--- DATA SUPPLIED ---

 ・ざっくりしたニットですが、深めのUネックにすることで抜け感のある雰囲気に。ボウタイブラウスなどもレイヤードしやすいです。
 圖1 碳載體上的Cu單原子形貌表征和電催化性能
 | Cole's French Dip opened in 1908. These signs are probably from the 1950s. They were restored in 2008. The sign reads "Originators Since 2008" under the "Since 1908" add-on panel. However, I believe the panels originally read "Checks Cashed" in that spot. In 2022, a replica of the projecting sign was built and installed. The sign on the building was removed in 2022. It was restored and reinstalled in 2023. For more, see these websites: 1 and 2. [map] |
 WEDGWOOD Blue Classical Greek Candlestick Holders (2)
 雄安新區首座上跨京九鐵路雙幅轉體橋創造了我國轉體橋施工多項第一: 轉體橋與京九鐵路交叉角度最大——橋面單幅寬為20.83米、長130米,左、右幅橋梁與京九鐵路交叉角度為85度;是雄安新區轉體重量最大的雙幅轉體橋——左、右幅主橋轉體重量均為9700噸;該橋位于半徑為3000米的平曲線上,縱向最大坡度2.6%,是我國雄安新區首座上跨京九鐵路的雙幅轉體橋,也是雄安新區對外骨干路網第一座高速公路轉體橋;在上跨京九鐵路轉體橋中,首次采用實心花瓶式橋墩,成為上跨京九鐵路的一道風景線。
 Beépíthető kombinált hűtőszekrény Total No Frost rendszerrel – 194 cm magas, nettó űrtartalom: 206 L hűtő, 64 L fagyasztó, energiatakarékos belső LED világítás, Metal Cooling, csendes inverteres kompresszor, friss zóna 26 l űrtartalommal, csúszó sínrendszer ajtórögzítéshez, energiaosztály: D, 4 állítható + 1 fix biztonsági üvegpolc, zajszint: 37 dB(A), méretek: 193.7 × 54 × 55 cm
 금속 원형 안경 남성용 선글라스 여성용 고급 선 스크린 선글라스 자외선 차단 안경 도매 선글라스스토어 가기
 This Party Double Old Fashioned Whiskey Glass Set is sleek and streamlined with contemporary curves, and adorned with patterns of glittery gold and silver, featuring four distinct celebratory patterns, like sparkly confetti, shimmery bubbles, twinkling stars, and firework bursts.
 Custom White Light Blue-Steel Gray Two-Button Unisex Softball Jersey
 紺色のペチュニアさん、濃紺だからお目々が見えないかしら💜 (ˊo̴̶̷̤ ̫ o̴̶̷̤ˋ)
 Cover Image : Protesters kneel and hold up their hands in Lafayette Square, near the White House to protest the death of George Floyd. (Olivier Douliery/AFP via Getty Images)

---

> _WORK TO BE COMPLETED_: Could you transcribe the entries exactly, from the first line through the line containing "圖1 碳載體上的Cu單原子形貌表征和電催化性能", and give nothing more?

> _TASK RESPONSE_:
 ・ざっくりしたニットですが、深めのUネックにすることで抜け感のある雰囲気に。ボウタイブラウスなどもレイヤードしやすいです。
 圖1 碳載體上的Cu單原子形貌表征和電催化性能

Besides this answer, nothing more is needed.